Jayne's addiction: Softball
Staff photo by Jared Dort
JAYNE Lee had a full plate this summer, but it's not over yet. She'll be running the 11-12 state tournament at Riverfront Park this weekend.
An average week for Lee consists of 76 hours on the job, not including her work around the house.
What Lee is best known for, however, is her involvement in Little League Softball. For the past four years she’s been the LLSB Commissioner. She coaches teams and organizes all the all-star tournaments. On top of that, she serves as the assistant to District 10 Administrator.
That’s a total of seven activities during the week, but it doesn’t stop there. Lee also teaches CPR, umpires games and is preparing to start night school at Ottawa University in Phoenix.
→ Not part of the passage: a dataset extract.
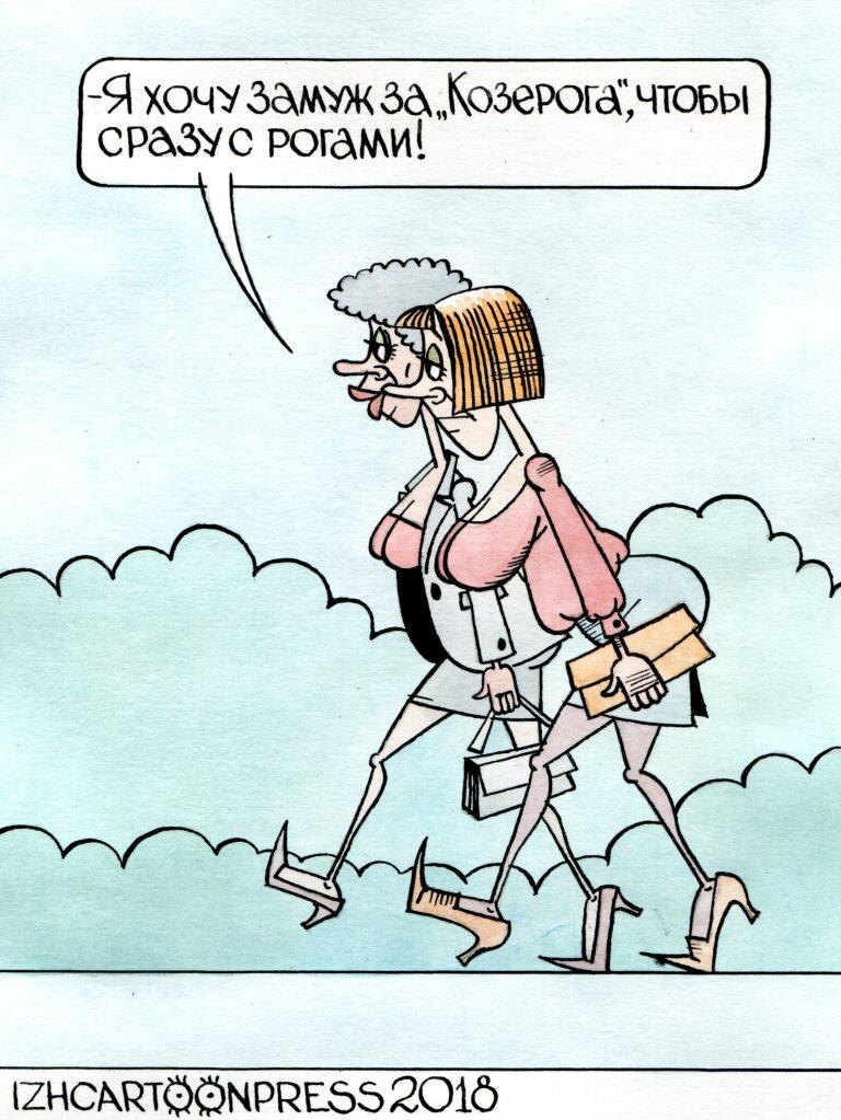Дамы с выдающимися формами и флегматичные мужики на карикатурах Владимира Ижболдина

What most people who know Lee personally ask is, “Is Jayne crazy?”
As a matter of fact, yes. She’s consumed by the sport she loves.
It started with Michelle, her daughter who’s now a senior at Mingus, and that could have been the extent of her role — just being a parent. It didn’t stop there. She met other kids who enjoyed playing, and in turn, she enjoyed watching them compete.
That’s what has kept her going, even though she doesn’t have children in the league.
“It started with my kids, then I met a bunch of other kids that I love. I want to make sure they get to play and have someone to be there to encourage them,” Lee said.
Looking at her track record, that’s a true statement. She hasn’t missed one out of both the 9-10 and 11-12 tournaments this summer. In fact, she’s umpired every game.
Her work with Little League is all volunteer.
Although the summer is nearly over, Lee is still not done. This Friday the 11-12 state tournament begins, which is hosted by Cottonwood at Riverfront Park. She put in 31 hours on the field during the 9-10 district tournament, and this week’s event should rival that.
Lee did get a chance to catch-up on some sleep last week, but not much. She kept the score book for the 13-14 baseball tournament. Fortunately, she has two months off from her job at Oak Creek, but that time is more consumed with Little League.
In turn, softball has given back to Lee in more ways than the gratification of seeing player’s progress. Through the sport, she has discovered what she really wants to do — teach. At Ottawa, Lee can get her teaching certificate. Currently, she’s 61 credits short.
That should take a normal student two years to complete, but if you know Lee, she not normal. She plans on getting it done much sooner by taking night classes. Lee had the option of getting a degree in nursing, which would take less time, but that’s not the route she wants to follow.
“I love the kids and love this community. I want to give back whatever I can, and this is my way of doing that,” Lee said. “These kids bring a lot of joy into my life. That’s why I do it.”
Somewhere in all her busyness, Lee still has time to be “mommy”. She’s been to every one of Michelle’s volleyball and basketball games — except the ones played in Chinle and Page — and has only missed a few for softball. Lee also attends every AYSO outing for her son, Bobby.